LS_PUBLISHERS_2What is your mission as a publisher?

Our specificity is the answer to this question. Being an art gallery influences us as publishers: the roles are inseparable. We believe that developing and producing books is a way to add value to the artists’ work. Hence, we tend to go in the opposite direction of what publishing houses normally do. Even though we have our own taste and some editorial preferences, we do not have a rigid editorial line. Respecting the diversity of each artist, we prefer to work within their world and not have them adapt to constraints imposed by us.

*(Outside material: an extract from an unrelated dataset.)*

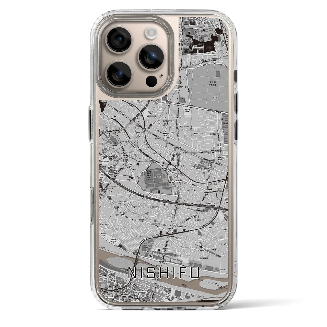 【西府(東京都)】地図柄iPhoneケース(MagSafeタイプ)モノトーン・iPhone 16 Pro 用

Casa Azul_Giulia Iacolutti (1)

Casa Azul, by ©Giulia Iacolutti

Casa Azul_Giulia Iacolutti (2)

Casa Azul, by ©Giulia Iacolutti

 What was the first book you published and what did you learn from that experience?

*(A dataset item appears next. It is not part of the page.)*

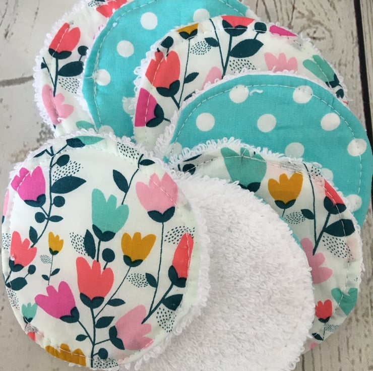 Reusable make up pads, made from 100% cotton towelling and patterned fabric.

The answer is not one, but two; due to the fact we simultaneously worked and produced two first books, ‘Continuo Infinito Provvisorio’ (CIP) by Alessandro Ruzzier and “Casa Azul’”by Giulia Iacolutti. They were two very distinct experiences. CIP was a very ‘sustainable’ production, since all the people involved in the production were local. We certainly learned a few things about the working process and about the photobook itself, such as the role of  text, how to handle many collaborators and the care required in the printing/binding phase.Casa Azul”, on the contrary, was a ‘global’ experience at different stages: the photographic project was realized in Mexico, the dummy was the result of an international workshop, and the co-edition was with the French publisher The(M) édition. We learned how important it is as a publisher to support a project/book that addresses social issues about minorities and spreads a message of social inclusion.

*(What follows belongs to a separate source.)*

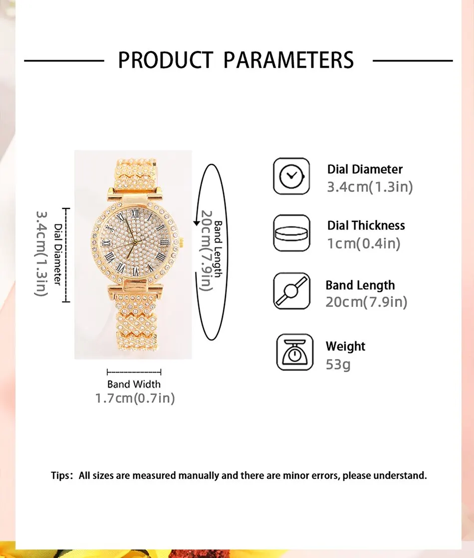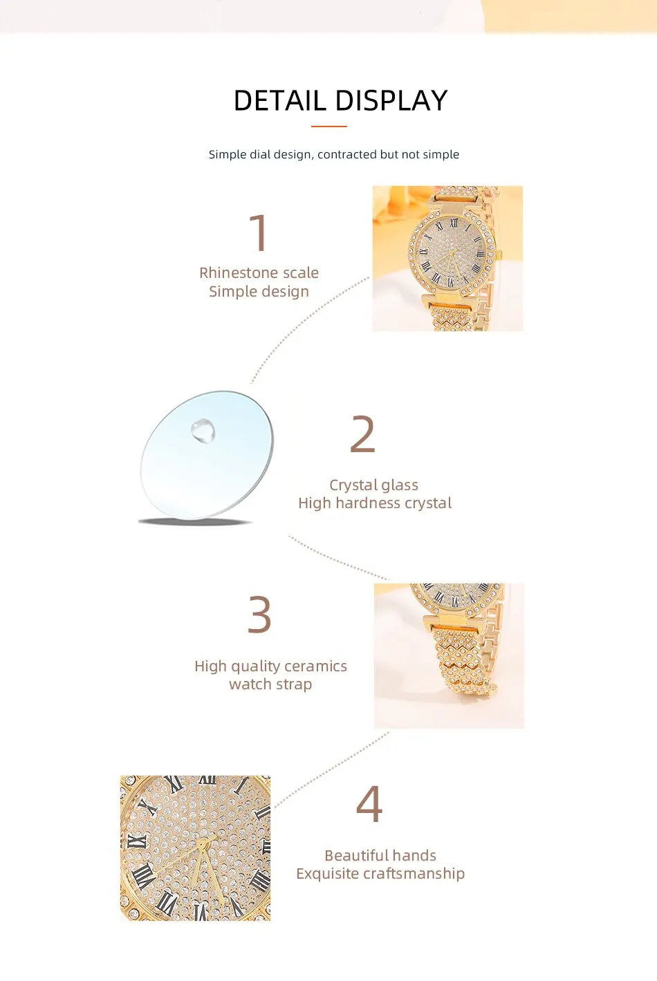 | Zircon cubique Décor | La montre présente un beau décor en zircon cubique qui ajoute une touche de luxe à n’importe quelle tenue. |

‘Ballad Of Woods And Wounds’ by ©Tomaso Clavarino and ©Patrizio Anastasi

What is the focus of your selections? 

Our initial choices came from the artists we regularly work with, as we said.  It becomes difficult to respond to the numerous ‘external’ proposals we receive, but we’re sure it will not be like this forever. If an exhibition project or a book strikes us and we believe it can be a resource for everyone, exceptions will occur. And that’s what is likely to happen in 2022. What strikes us in a visual project – and it may sound unusual for an art gallery – is more ‘the power of a story’, than the aesthetical and formal quality. We’re attracted by existential and social issues, more than the perfect beauty of a landscape or of a portrait. Another value we appreciate in a work is its interdisciplinarity, in the sense of a broad cultural base and the opportunity to connect different artistic and non-artistic disciplines.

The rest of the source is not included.